----- ENTRIES SHOWN -----

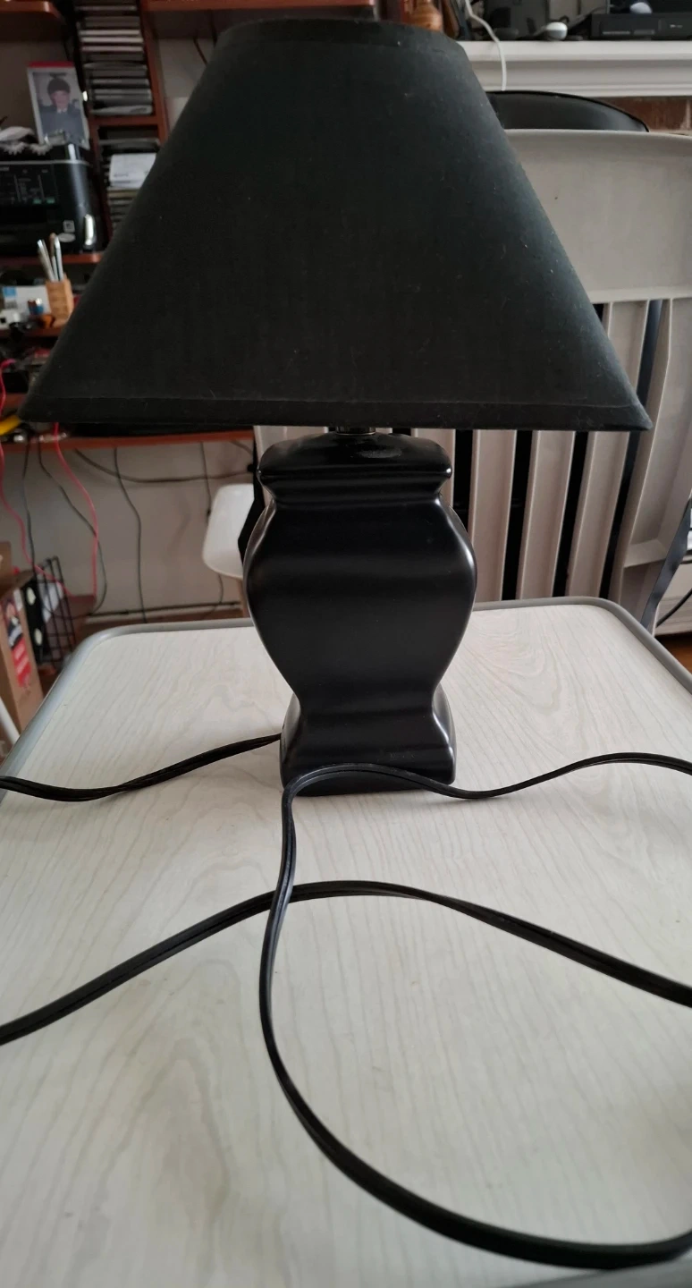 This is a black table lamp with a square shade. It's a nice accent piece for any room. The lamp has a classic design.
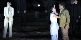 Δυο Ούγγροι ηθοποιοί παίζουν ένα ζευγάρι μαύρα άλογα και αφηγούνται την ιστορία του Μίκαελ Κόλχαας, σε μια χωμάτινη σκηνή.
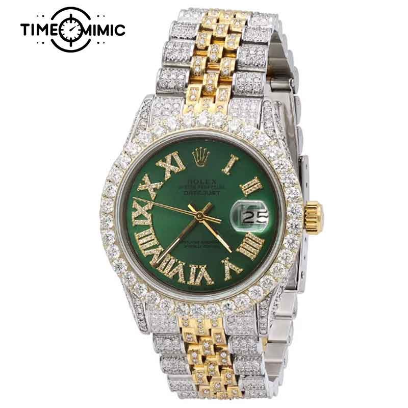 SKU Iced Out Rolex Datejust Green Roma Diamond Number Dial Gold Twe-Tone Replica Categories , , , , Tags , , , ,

-----
----- ENTRIES SHOWN -----

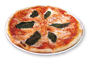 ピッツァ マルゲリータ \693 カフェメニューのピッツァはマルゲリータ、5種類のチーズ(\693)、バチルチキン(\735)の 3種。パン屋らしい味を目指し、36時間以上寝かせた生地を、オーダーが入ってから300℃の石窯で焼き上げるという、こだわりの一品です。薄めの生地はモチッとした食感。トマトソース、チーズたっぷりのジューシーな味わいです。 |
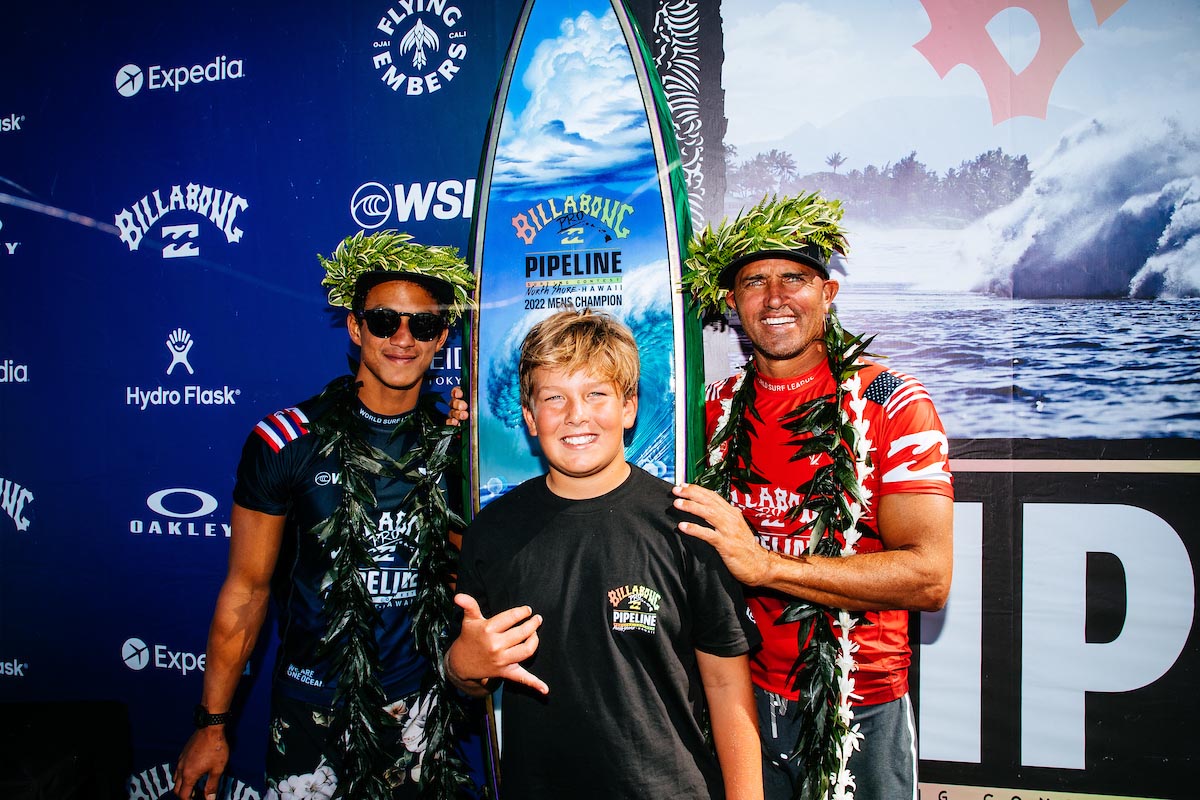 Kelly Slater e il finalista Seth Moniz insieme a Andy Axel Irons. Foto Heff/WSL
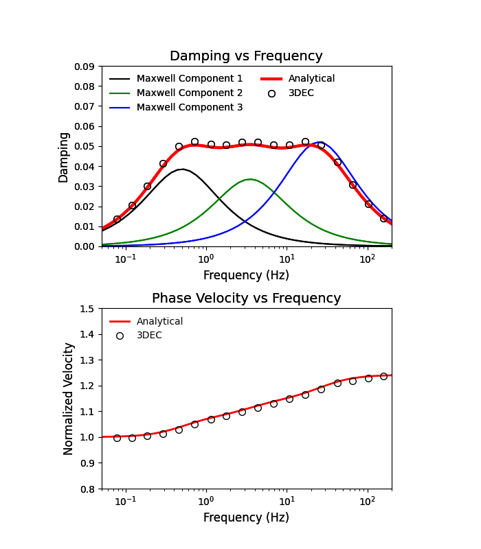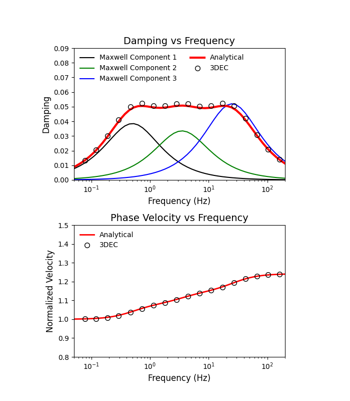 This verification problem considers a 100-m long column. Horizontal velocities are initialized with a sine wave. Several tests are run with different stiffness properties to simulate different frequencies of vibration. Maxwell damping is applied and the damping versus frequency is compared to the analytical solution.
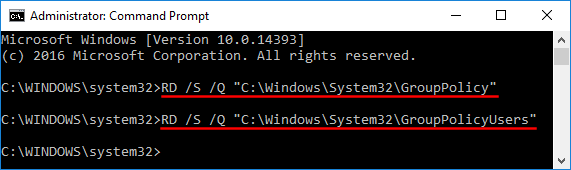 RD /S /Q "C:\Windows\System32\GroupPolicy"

-----

_DESCRIPTION OF THE TASK_
Starting from the line with "Δυο Ούγγροι ηθοποιοί" in the records above, repeat each line exactly until you have written the line with "SKU Iced Out", then stop; drop the pictures.

_TASK SOLUTION_
 Δυο Ούγγροι ηθοποιοί παίζουν ένα ζευγάρι μαύρα άλογα και αφηγούνται την ιστορία του Μίκαελ Κόλχαας, σε μια χωμάτινη σκηνή.
 SKU Iced Out Rolex Datejust Green Roma Diamond Number Dial Gold Twe-Tone Replica Categories , , , , Tags , , , ,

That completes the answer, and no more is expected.